Lu Pingping, Xu Shaobing, Peng Huei
IEEE Trans Image Process. 2021;30:2977-2988. doi: 10.1109/TIP.2021.3057287. Epub 2021 Feb 17.
Lane detection on road segments with complex topologies such as lane merge/split and highway ramps is not yet a solved problem. This paper presents a novel graph-embedded solution. It consists of two key parts, a learning-based low-level lane feature extraction algorithm, and a graph-embedded lane inference algorithm. The former reduces the over-reliance on customized annotated/labeled lane data. We leveraged several open-source semantic segmentation datasets (e.g., Cityscape, Vistas, and Apollo) and designed a dedicated network that can be trained across these heterogeneous datasets to extract lane attributes. The latter algorithm constructs a graph to represent the lane geometry and topology. It does not rely on strong geometric assumptions such as lane lines are a set of parallel polynomials. Instead, it constructs a graph based on detected lane nodes. The lane parameters in the world coordinate are inferred by efficient graph-based searching and calculation. The performance of the proposed method is verified on both open source and our own collected data. On-vehicle experiments were also conducted and the comparison with Mobileye EyeQ2 shows favorable results.
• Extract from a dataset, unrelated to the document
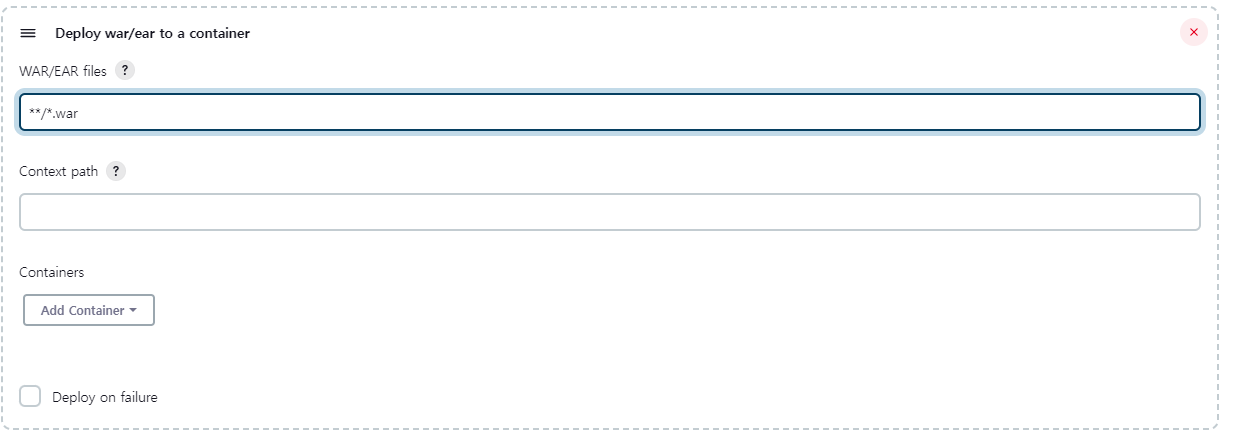 **/*.war는 Jenkins Item Directory의 war 파일을 사용한다는 의미를 가진다.

在具有复杂拓扑结构的路段(如车道合并/分流和高速公路匝道)上进行车道检测仍是一个未解决的问题。本文提出了一种新颖的基于图嵌入的解决方案。它由两个关键部分组成,一个基于学习的低级车道特征提取算法和一个基于图嵌入的车道推理算法。前者减少了对定制注释/标记车道数据的过度依赖。我们利用了几个开源语义分割数据集(如Cityscape、Vistas和Apollo),并设计了一个专用网络,该网络可以在这些异构数据集上进行训练以提取车道属性。后者算法构建一个图来表示车道几何形状和拓扑结构。它不依赖于诸如车道线是一组平行多项式之类的强几何假设。相反,它基于检测到的车道节点构建一个图。通过高效的基于图的搜索和计算来推断世界坐标中的车道参数。所提方法的性能在开源数据和我们自己收集的数据上均得到验证。还进行了车载实验,与Mobileye EyeQ2的比较显示出良好的结果。